\\Bugünlük\\ işimi dün bitirdim.
Uyuyamıyorum.
İnternetten şunu buldum

Popüler kelimelerin ve ifadelerin ansiklopedik sözlüğü

C harfi

Mutlu Saatler gözlemleme

A. S. Griboyedov'un (1795-1829) "Woe from Wit" (1824) adlı komedisinden. Sophia'nın sözleri (perde 1, görünüş 4):

Saatinize bakın, pencereden dışarı bakın:

Uzun zamandır insanlar sokaklara dökülüyor;

Ve evde kapıyı çalmak, yürümek, süpürmek ve temizlemek var.

Happy hour'lara uyulmuyor.

Bu ifadenin olası ana kaynağı Alman şair Johann Friedrich Schiller'in (1759-1805) “Piccolomini” (1800) adlı dramasıdır: “Die Uhr schlagt keinem Gliicklichen” - “Saat mutlu bir insan için çalmaz.”

Mutlu saatler izlemeyin
Monolog
Herkes saate bakar ve bakar, ama mutlu olanlar tam tersine saati izlemezler! Saatin etrafındaki sayılar ve ibreler yeni bir şey değil mi? onlar, saat? Ağarmış eski... Mutfakta iki ağırlık ve bir delik ile asılı, yuvarlak bir kapakla kapatılmış saatimiz bir asırdan daha eski! - Büyük büyükbabam mutsuz olduğunda ona baktı. İtiraf etmeliyim ki, guguklu alışılmadık bir saat. Her numarayı guguk sesiyle çalıyor, delikten atlıyor. Eski bir guguk kuşu - artık üzerinde tüy bulamazsınız, ayrıca kuyruğu yok. !
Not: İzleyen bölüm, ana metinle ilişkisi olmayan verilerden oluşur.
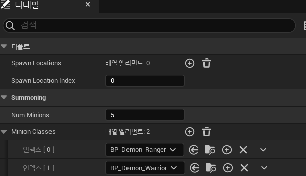 Min/Max SpawnDistance는 최소/최대 소환 거리이다.
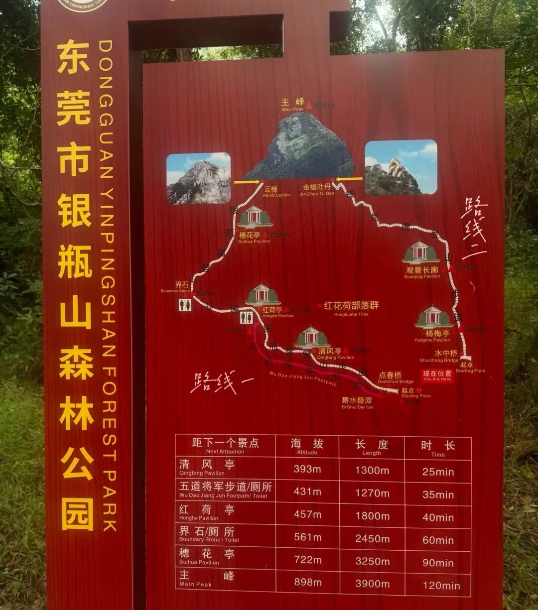 据了解,银瓶山位于广东省东莞市谢岗镇,是东莞第一高峰,海拔898米。银瓶山森林公园为免费景区,是非常受欢迎的自驾徒步目的地。
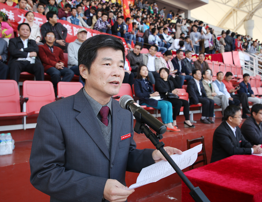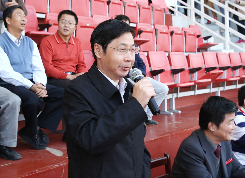 赵明致闭幕词。他代表学校党委、行政向筹备此次运动会的工作人员和积极参与服务的同学和老师表示衷心的感谢。他强调,此届运动会是对我校体育工作和师生综合素质的检阅,整个比赛和会务安排准备充分,组织周密,纪律严明,秩序井然。裁判员的坚持标准、公平公正、认真负责,以及广大师生的加油助威、热情服务和争做文明观众共同保证了运动会的圆满完成;运动员们不甘落后,敢于争先的勇气,对待成绩胜不骄,败不馁的气度以及团结友爱、互相帮助的协作精神为师大精神和校园文化增添了新的活力。他希望全校师生在今后的学习生活中将这种团结协作的精神发扬光大,牢固树立“育人为本,以德为先”的理念、勇于争先,为学校又好又快发展做出贡献。
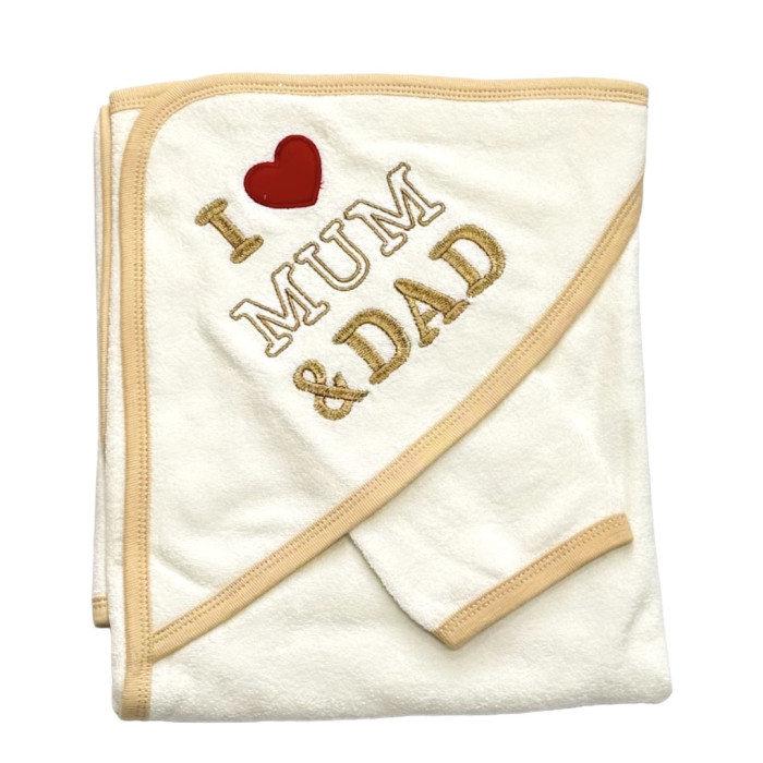 Дитячий рушник з кутиком махровий Мама тато Бежевий 90/85
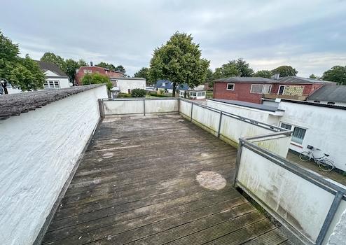 Über die Wohnung im Obergeschoss gelangen Sie auf die Dachterrasse, die sich auf dem Gewerbeteil befindet.
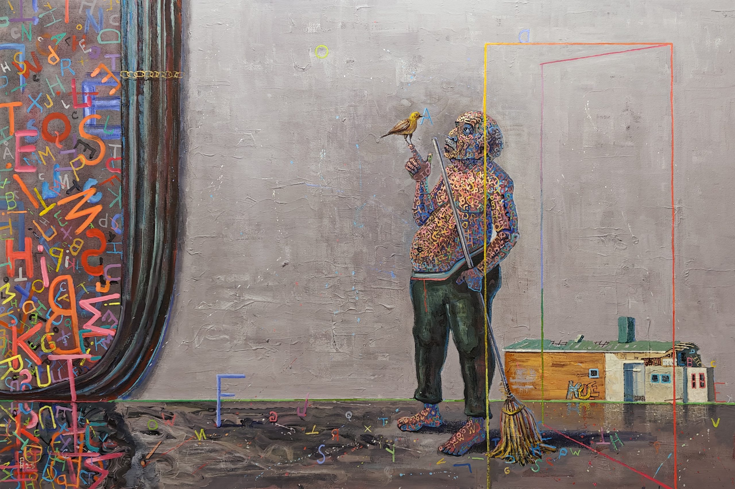 Näyttely koostuu maalauksista ja veistoksista, joissa käytän kirjaimia ihmishahmojen rakentamiseen. Kirjainten varaan rakennan pääasiallisen sisällön töihini, sillä ajatuksissani ihminen on voimaton sanojen kohde, mutta toisaalta hän voi luoda maailmansa ja itsensä kielen kautta uudestaan.
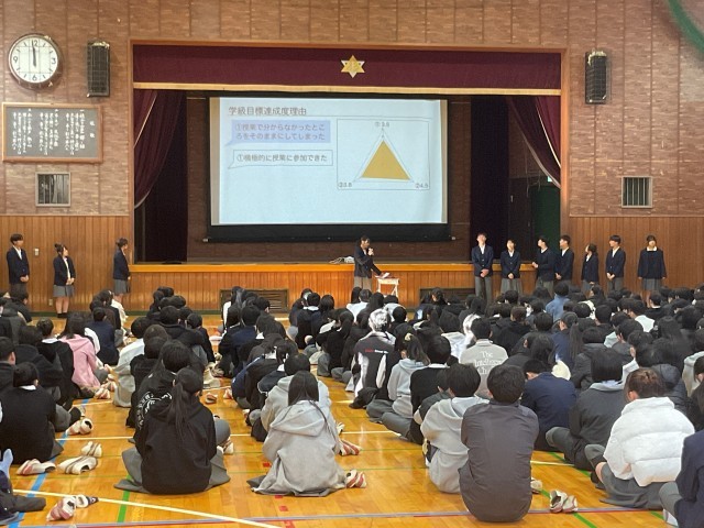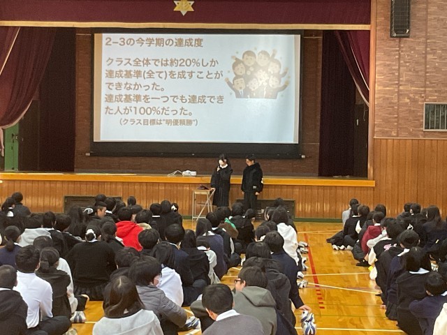 2限から4限にかけて、1年生から2年生、3年生と順番に見ていくと、明らかな成長の軌跡がうかがえます。2,3年生の今の姿は、現1・2年生の来年の姿と、期待が高まりました。3年生にとっては、学期末の学年集会は最後となり、残すは卒業式です。 中学校生活の残りを充実させ、悔いが残らないように、反省や課題はぜひ改善して、卒業式を迎えて欲しいものです。

Mutlu insanlar saatleri izlemezler... Bu saatlere bakmak iğrenç ama her zaman mutlu olmadığımı ve bu nedenle haftada en az bir kez onları izlemem gerektiğini düşünmeme rağmen.

Saati düşünmezsin, aniden şunu duyarsın: kuu-ku; coo-coo; kuuu-ku... kuş ölmek üzere; o kadar zor ve isteksizce görevlerini yerine getiriyor ki.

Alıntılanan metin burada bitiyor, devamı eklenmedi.